EXERCISE INSTRUCTIONS: Which lines run from the one containing "that connect the" to the last line of the entries? Return them exactly, with nothing more.

GIVEN ENTRIES:
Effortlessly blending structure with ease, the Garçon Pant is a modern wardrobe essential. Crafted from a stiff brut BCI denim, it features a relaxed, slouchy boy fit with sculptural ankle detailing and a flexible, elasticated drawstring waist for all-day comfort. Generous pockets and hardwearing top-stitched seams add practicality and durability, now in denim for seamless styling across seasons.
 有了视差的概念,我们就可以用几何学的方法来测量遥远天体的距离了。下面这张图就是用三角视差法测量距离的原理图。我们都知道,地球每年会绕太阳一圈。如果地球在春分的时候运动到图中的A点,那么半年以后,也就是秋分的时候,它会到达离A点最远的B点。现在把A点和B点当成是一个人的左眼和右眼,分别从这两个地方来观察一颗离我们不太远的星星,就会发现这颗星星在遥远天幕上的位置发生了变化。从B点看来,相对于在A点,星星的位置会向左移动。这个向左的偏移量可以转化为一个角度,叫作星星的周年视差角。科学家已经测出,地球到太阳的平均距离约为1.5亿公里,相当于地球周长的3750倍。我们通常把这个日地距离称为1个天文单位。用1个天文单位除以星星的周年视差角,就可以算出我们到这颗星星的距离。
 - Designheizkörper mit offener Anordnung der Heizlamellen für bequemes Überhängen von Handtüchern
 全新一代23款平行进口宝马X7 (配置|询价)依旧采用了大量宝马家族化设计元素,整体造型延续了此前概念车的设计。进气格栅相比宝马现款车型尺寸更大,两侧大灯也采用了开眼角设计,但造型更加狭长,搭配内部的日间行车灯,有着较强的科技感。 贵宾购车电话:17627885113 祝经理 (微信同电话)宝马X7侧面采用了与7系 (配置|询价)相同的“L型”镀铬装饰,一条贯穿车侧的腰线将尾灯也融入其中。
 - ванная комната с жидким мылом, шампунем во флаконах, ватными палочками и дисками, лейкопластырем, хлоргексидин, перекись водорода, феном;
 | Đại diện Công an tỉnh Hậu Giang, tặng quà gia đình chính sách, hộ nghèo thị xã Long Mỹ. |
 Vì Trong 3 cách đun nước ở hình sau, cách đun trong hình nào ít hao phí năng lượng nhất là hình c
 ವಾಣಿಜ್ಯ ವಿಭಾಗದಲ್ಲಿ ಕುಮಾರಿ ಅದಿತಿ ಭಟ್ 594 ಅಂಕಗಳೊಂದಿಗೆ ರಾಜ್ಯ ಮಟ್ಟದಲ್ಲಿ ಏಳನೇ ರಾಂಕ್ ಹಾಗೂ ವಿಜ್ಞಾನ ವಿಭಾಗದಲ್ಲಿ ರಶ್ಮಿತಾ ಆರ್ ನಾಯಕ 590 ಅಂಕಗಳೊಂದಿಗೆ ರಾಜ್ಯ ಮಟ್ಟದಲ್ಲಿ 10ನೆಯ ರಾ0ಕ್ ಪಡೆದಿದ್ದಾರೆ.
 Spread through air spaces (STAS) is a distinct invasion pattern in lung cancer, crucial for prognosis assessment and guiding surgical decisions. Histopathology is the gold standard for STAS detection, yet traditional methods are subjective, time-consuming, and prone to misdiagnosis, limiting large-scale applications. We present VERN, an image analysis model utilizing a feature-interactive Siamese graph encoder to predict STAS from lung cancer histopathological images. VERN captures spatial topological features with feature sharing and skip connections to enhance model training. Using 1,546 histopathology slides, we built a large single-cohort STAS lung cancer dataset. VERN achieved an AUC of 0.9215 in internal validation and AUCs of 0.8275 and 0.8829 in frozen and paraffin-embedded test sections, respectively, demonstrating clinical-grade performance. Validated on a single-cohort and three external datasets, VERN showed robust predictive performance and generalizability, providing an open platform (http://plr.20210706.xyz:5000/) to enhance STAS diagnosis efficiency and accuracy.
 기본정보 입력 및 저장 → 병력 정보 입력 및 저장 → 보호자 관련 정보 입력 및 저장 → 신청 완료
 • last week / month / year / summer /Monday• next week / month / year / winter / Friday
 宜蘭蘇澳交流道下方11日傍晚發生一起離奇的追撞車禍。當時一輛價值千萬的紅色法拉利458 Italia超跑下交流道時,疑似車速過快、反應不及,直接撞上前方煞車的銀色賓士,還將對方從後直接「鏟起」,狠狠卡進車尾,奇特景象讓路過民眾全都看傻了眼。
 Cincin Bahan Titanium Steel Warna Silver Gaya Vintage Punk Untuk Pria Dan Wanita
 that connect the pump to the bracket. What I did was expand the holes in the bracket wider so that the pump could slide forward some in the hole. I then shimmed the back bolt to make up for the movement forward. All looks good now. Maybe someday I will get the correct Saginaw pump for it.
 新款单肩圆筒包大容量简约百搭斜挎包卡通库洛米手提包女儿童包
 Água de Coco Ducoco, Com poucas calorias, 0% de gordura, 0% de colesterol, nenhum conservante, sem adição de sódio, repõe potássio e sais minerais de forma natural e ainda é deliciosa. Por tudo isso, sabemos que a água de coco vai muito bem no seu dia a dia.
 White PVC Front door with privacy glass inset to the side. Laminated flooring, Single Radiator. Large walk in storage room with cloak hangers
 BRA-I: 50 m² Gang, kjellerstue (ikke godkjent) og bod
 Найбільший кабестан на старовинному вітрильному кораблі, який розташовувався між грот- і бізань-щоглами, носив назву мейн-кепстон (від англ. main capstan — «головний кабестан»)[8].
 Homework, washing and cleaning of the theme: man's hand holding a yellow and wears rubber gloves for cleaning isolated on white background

SOLVED EXERCISE:
 that connect the pump to the bracket. What I did was expand the holes in the bracket wider so that the pump could slide forward some in the hole. I then shimmed the back bolt to make up for the movement forward. All looks good now. Maybe someday I will get the correct Saginaw pump for it.
 新款单肩圆筒包大容量简约百搭斜挎包卡通库洛米手提包女儿童包
 Água de Coco Ducoco, Com poucas calorias, 0% de gordura, 0% de colesterol, nenhum conservante, sem adição de sódio, repõe potássio e sais minerais de forma natural e ainda é deliciosa. Por tudo isso, sabemos que a água de coco vai muito bem no seu dia a dia.
 White PVC Front door with privacy glass inset to the side. Laminated flooring, Single Radiator. Large walk in storage room with cloak hangers
 BRA-I: 50 m² Gang, kjellerstue (ikke godkjent) og bod
 Найбільший кабестан на старовинному вітрильному кораблі, який розташовувався між грот- і бізань-щоглами, носив назву мейн-кепстон (від англ. main capstan — «головний кабестан»)[8].
 Homework, washing and cleaning of the theme: man's hand holding a yellow and wears rubber gloves for cleaning isolated on white background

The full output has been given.